• WORK TASK:
Reproduce the full listing below unchanged, apart from the pictures.

• RAW DATA:
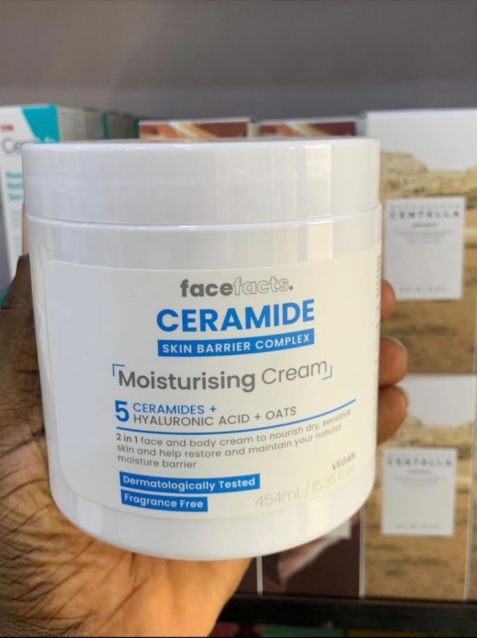 Face Facts Ceramide Moisturising Cream is a lightweight hydrating moisturizer designed to repair and strengthen the skin moisture barrier while providing long lasting hydration. It is formulated with a skin barrier complex of 5 Ceramides, Hyaluronic Acid, Vitamin E, and soothing Oats to nourish dry, sensitive, or damaged skin.
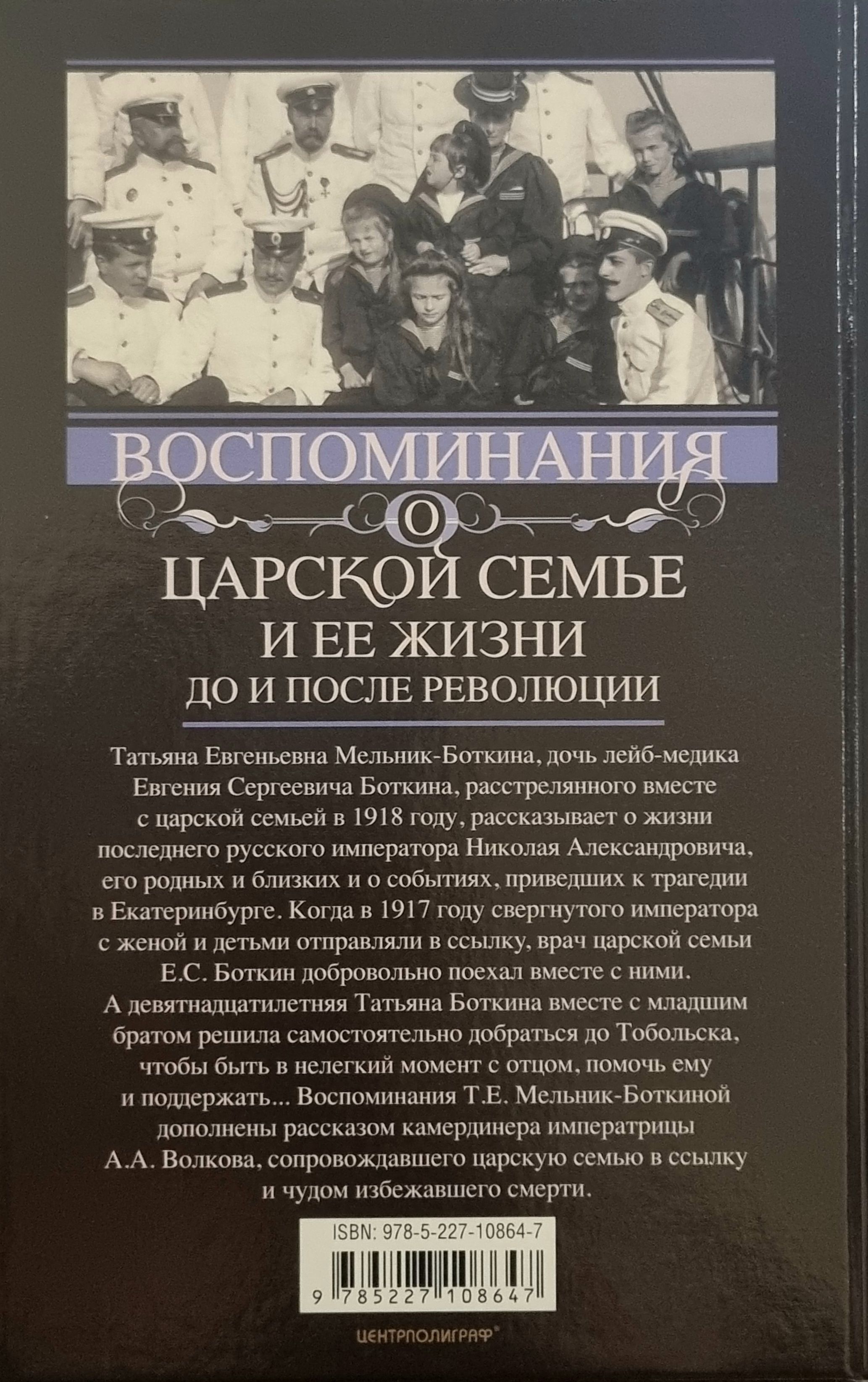 In her memoirs, Tatyana Melnik-Botkina describes her childhood, which took place in close proximity to the family of Nicholas II, then the events of the First World War and the exile of the royal family to Tobolsk.
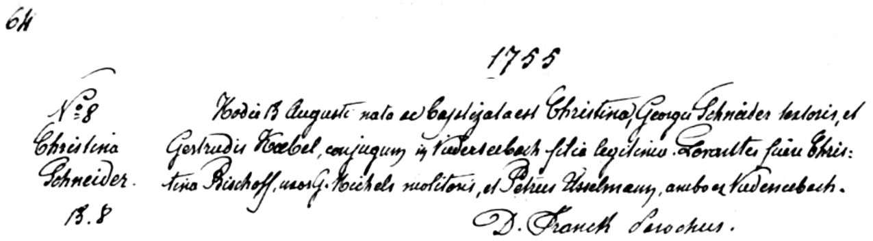 Christina Schneider [I03343], showing parents Joannes Georg Schneider [I03297] and Gertrude (Koebel) Schneider [I03298]. She was born and baptized 13 August 1755 in Trimbach.

• YOUR RESPONSE:
 Face Facts Ceramide Moisturising Cream is a lightweight hydrating moisturizer designed to repair and strengthen the skin moisture barrier while providing long lasting hydration. It is formulated with a skin barrier complex of 5 Ceramides, Hyaluronic Acid, Vitamin E, and soothing Oats to nourish dry, sensitive, or damaged skin.
 In her memoirs, Tatyana Melnik-Botkina describes her childhood, which took place in close proximity to the family of Nicholas II, then the events of the First World War and the exile of the royal family to Tobolsk.
 Christina Schneider [I03343], showing parents Joannes Georg Schneider [I03297] and Gertrude (Koebel) Schneider [I03298]. She was born and baptized 13 August 1755 in Trimbach.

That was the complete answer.